With the Digital Single Market, the consumers and businesses will be in a win-win situation as it will strengthen the business competitiveness by providing better access to goods and services to the consumers. As the businesses grow with the expansion of the market through digital connectivity, more jobs will be generated and governments will also get to scale up their revenue, consequently bringing the European economy to the forefront worldwide. Though the businesses will be getting the opportunity to flourish, they can also witness copyright and trademark infringements. With the online availability of huge personal data of consumers, cybersecurity, cloud protection and consumer data protection are required to be relooked and revised to make it more stringent to ensure great protection and provide a huge penalty in case of a breach. 

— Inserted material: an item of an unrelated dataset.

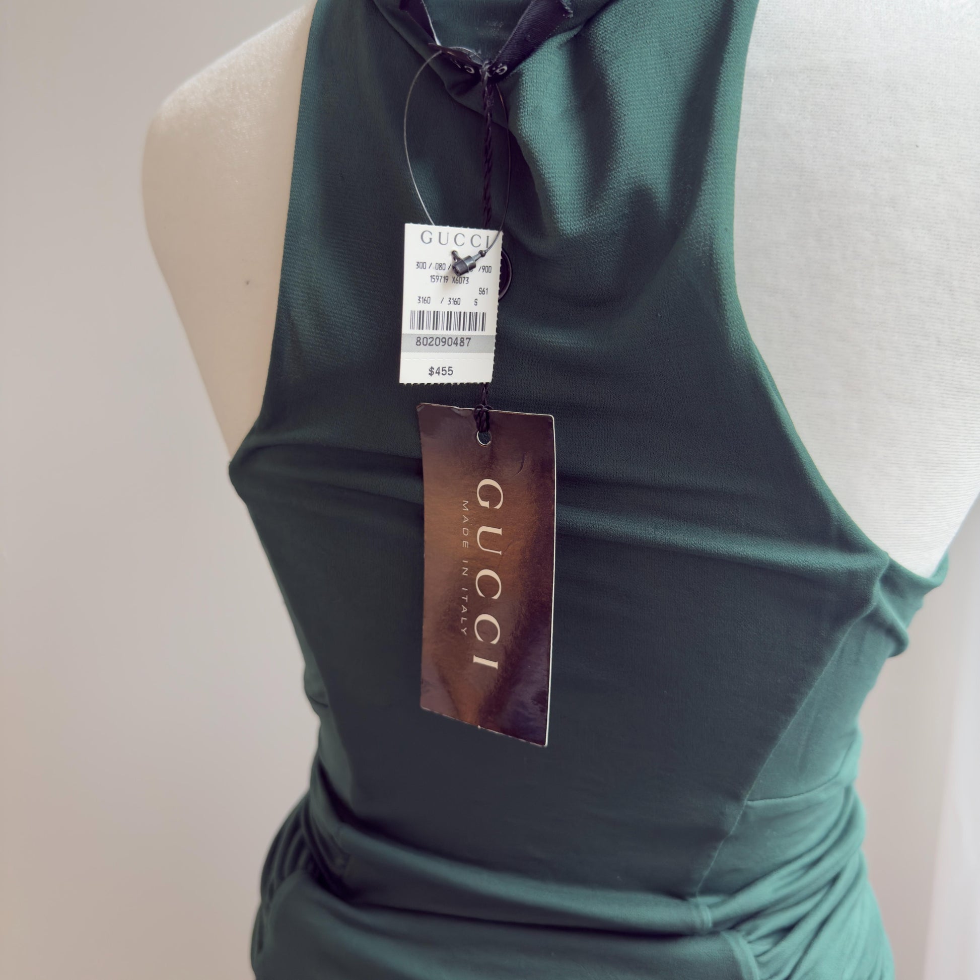 Vintage 2005 Gucci Green Top w/ original Tags. Minimal but sexy, this top features a plunging neckline and ruching details. Fabric is 100% rayon and is stretchy.

The three pillars specifically identify each of the challenges and lay down the foundation of a digital single market strategy. It led to the design of the framework of legislations like the Digital Services Act and Digital Markets Act, taking in the views of different stakeholders involved. Though the legislations are still pending approval, the proposals look very promising to protect the IPR and e-data by enacting provisions for creating a safe online space and also to take measures to provide opportunities to the small and medium enterprises of Europe to grow outwardly and mark their existence by competing with bigger brands. Once these legislations are finally approved and adopted, these will apply across the EU directly and will be the first set of regulations in the digital field to regulate and supervise online markets.